We examined changes in high- and low-Km glucose phosphorylating activity in pancreatic islet extracts from the prediabetic Zucker diabetic fatty (ZDF) rat between 5-6 weeks and 12 weeks of age (after the onset of diabetes). Comparisons were made between the activity observed in the ZDF rat and that seen in the ZDF lean control (ZLC) rat and the obese nondiabetic Zucker fatty (ZF) rat. At 5-6 weeks of age, insulin resistant ZDF and ZF rats were hyperinsulinemic, compared with the ZLC rat, but had normal plasma glucose levels. Kinetic parameters (Vmax and Km for glucose) of hexokinase (HK) and Km of glucokinase (GCK) did not differ between groups.
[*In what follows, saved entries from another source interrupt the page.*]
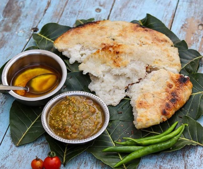 यह रोटी अपनी खास कुकिंग स्टाइल के लिए जानी जाती है। चावल के आटे से बनी इस मोटी रोटी को पलाश या केले के पत्तों के बीच रखकर कोयले की आंच पर सेंका जाता है। पत्तों की सौंधी महक इस रोटी के स्वाद को दोगुना कर देती है।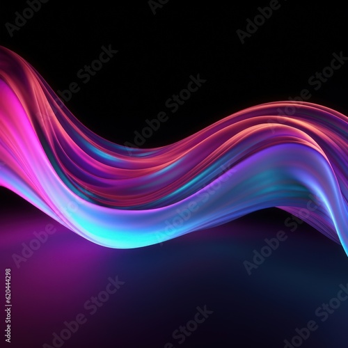 © Matyfiz, Fototapeta premium Visualization of sound waves. Abstract futuristic background with colorful glowing neon moving high speed wave lines and bokeh lights. Data transfer concept. Fantastic wallpaper. Generative AI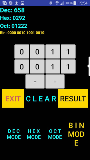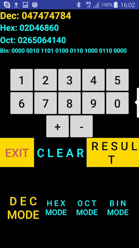 Calcolatore per numeri fino a 256 bit, esegue solo addizioni e sottrazioni, permette l'input in formato decimale, esadecimale, binario, ottale e da' l'output in tutti i formati. Supporta numeri negativi.
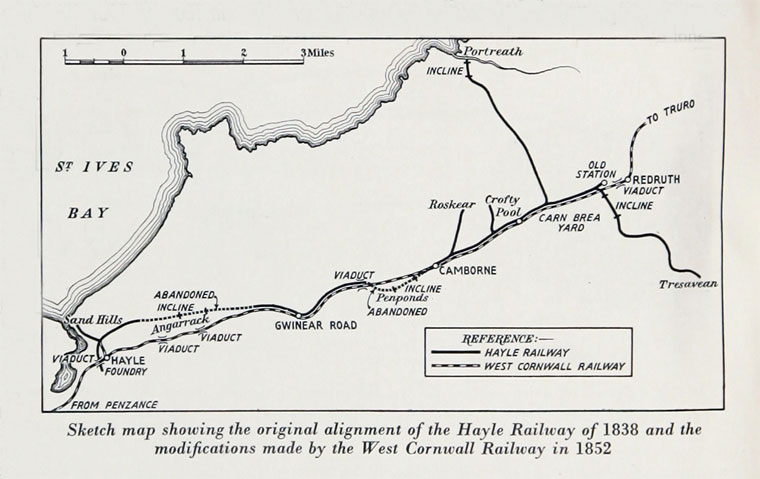 The Hayle Railway. Originally ran eastwards to Redruth, and from Redruth Junction north to Portreath and south to Tresavean, again built to profit from the mining industry's need to transport ore for shipping. It opened in stages after December 1837. Steam locomotion was used from the start, giving the route an early advantage over the Redruth and Chacewater line. Cornubia, one of the locomotives later taken over by the West Cornwall Railway in 1846, was built at Copperhouse Foundry in 1838, probably the first engine to be made in Cornwall. Notable features of the line were the steep inclines at Angarrack and Portreath, where wagons were hauled by ropes. Inclines at Penponds and Tresavean worked on a counterbalancing principle. Passengers has sometimes travelled in the open wagons, but the first passenger service between Hayle and Redruth took place on 12th May 1843.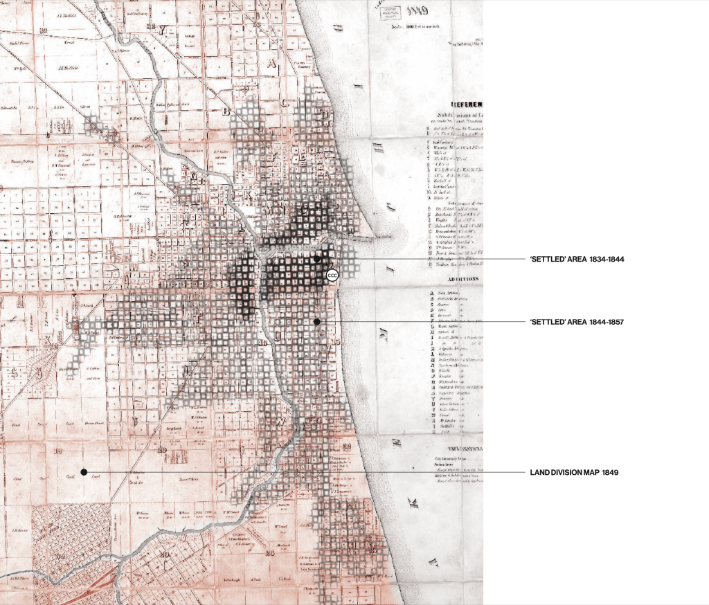 Before the 1871 Fire, Chicago developed on land seized from Ojibwe, Ottawa, and Potawatomi Nations. The dispersed low-density settlements and sustaining land practices of these and other inhabitants of the land were thereby replaced by a fast-growing and increasingly- capitalized modern city developed on the basis of a grid laid out over the land and a new infrastructure. This infrastructure—first a series of water canals and then an expanding rail network—transformed Chicagou into Chicago, a city built to connect the landscapes of colonial extraction on the United States Plains and West to shipping and trading sites on the Atlantic Coast and beyond.

Islet GCK activity for ZDF and ZF rats was 1.7-fold greater than in ZLC rats (P < 0.02 and P < 0.001, respectively). By 12 weeks of age, hypersecretion of insulin at 5.0 mmol/l glucose was observed in perifused islets from both obese groups relative to the ZLC rat. Islets from ZDF rats failed to increase insulin secretion in response to increased glucose concentration. Group differences in the kinetic parameters for GCK or in the Km values for HK were not significant. Islet HK activity for ZDF and ZF rats was 1.9-fold (P < 0.05) and 1.7-fold (P < 0.05) greater, respectively, than for ZLC rats. Compared with the 5- to 6-week-old animals, HK activity increased 3.1-fold (P < 0.001), 2.5-fold (P < 0.002), and 2.0-fold (P < 0.05) for ZDF, ZF, and ZLC rats, respectively. Differences in GCK activity between 5- to 6- and 12-week-old rats were not significant for any of the groups. We conclude: 1) increased islet glucose phosphorylating activity is present in insulin resistant and hyperinsulinemic ZF and ZDF rats, relative to the ZLC rat; 2) at 12 weeks of age, hyperinsulinemic ZDF and ZF rats demonstrated significant increases in HK activity, compared with lean controls; and 3) deficiency in GCK activity does not explain failure of diabetic ZDF islets to respond to glucose, since differences between diabetic ZDF and nondiabetic ZF rats were not statistically significant. Increases in pancreatic islet phosphorylating activity seem to be important in maintaining basal hyperinsulinemia in insulin-resistant animals, but do not appear to play a role in the progression to glucose intolerance and diabetes.